Husband is awkward about this new phase in his life and has a hard time accepting who he is. I am doing everything I can to make it easier on him but it got to the point where he was lying again to keep from feeling uncomfortable about what he wanted to tell me. I found out about these lies and confronted him after I read his texts without him knowing. I considered my lies as bad as his so that is probably why I didn't walk out the door. I told him the next time he lied last time I would be done. But this was the next time and I lied as well so it I knew I couldn't just do that. We needed to find a way to trust each other.

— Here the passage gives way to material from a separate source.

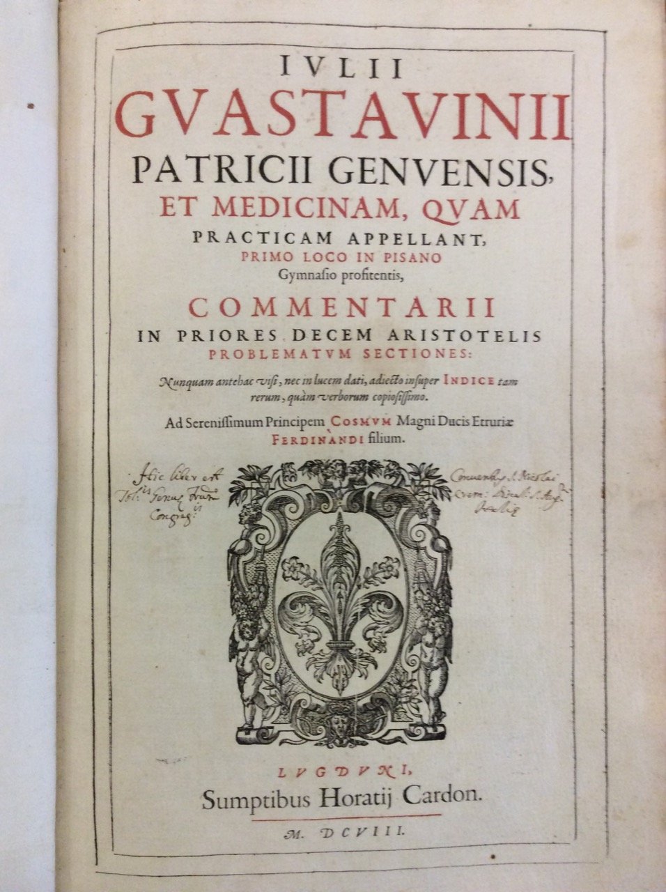 In-4 gr. (mm. 356x225), p. pergamena antica, dorso a cordoni (con mancanze) e titolo ms., pp. (8),395,(13, di Indice), testo entro doppio filetto, frontespizio con titolo in rosso e nero e marca tipografica xilografata, ornato da belle testatine, grandi capilettera e finali, pure inc. su legno. Dedicato a Serenissimum Principem Cosmum Magno Ducis Etruriae Ferdinandi filium.L'opera contiene i commenti di Giulio Guastavino ai primi dieci libri dei Problemata di Aristotele riguardanti la medicina, scritti in greco, con la versione latina di Theodoro Gaza."Prima ed unica edizione".Cfr. Krivatsy, n. 5065, p. 504 - Dictionaire de sciences médicales,IV, p. 534. Aristotele, per quanto abbia certamente esercitato una scarsa influenza sui medici dei suoi tempi, pure per l'importanza che il maestro di color che sanno' ebbe in tutta la storia della coltura umana fino al XVI secolo e oltre, è da considerrsi anche nel campo della medicina come uno dei maggiori precursori, così Castiglioni Storia della medicina, p. 186.Eloy Dizionario storico della medicina,III, p. 207: Giulio Guastavino nacque in Genova da una famiglia patrizia. Fu primario Professore nella Scuola di Medicina di Pisa ca. l'anno 1614 (morì nel 1633).Con arrossature interc. nel testo, talvolta su tutta la pagina, per la qualità della carta; lieve alone all'angolo super., ma complessivam. buon esemplare.

I told him I was sick of being the one feeling awkward just to make him more comfortable. I was tired of taking on the hardships so he could go out and have fun. If he wanted this freedom to go out and find himself he needed to accept some of the responsibilities and get over his being uncomfortable and just tell me. I would rather be jealous and bothered for a few minutes or couple of hours than hurt and be suspicious of his behavior for weeks on end that could lead to the end of everything.
But after lots of talking and compromising we came out with more understandings. The next day he even came home with a surprise for me. He had finally after two years replaced his wedding band. His had gotten stolen a couple of years ago from beside his chair at our community pool. And he never replaced it because he always told me they were uncomfortable and he didn't want to spend the money. We had the money but there was usually one excuse after another for him not getting a new one. Alot of it had to do with the cheating that was going on that I didn't know about. That is different now.
As for today. J and I had lunch together. With her husband asking for husband and J to take a small two week break from sexual relations I am trying to keep up a good relationship with her. So I took my daughter along because she has a daughter the same age and knew she would enjoy. It also helps ease any tensions. We just kept it simple and fun at DQ. I know they miss each other but husband loves that I do this kind of thing with her. And it is nice to chat with her about things besides the poly life.
Hope all is well with everyone else.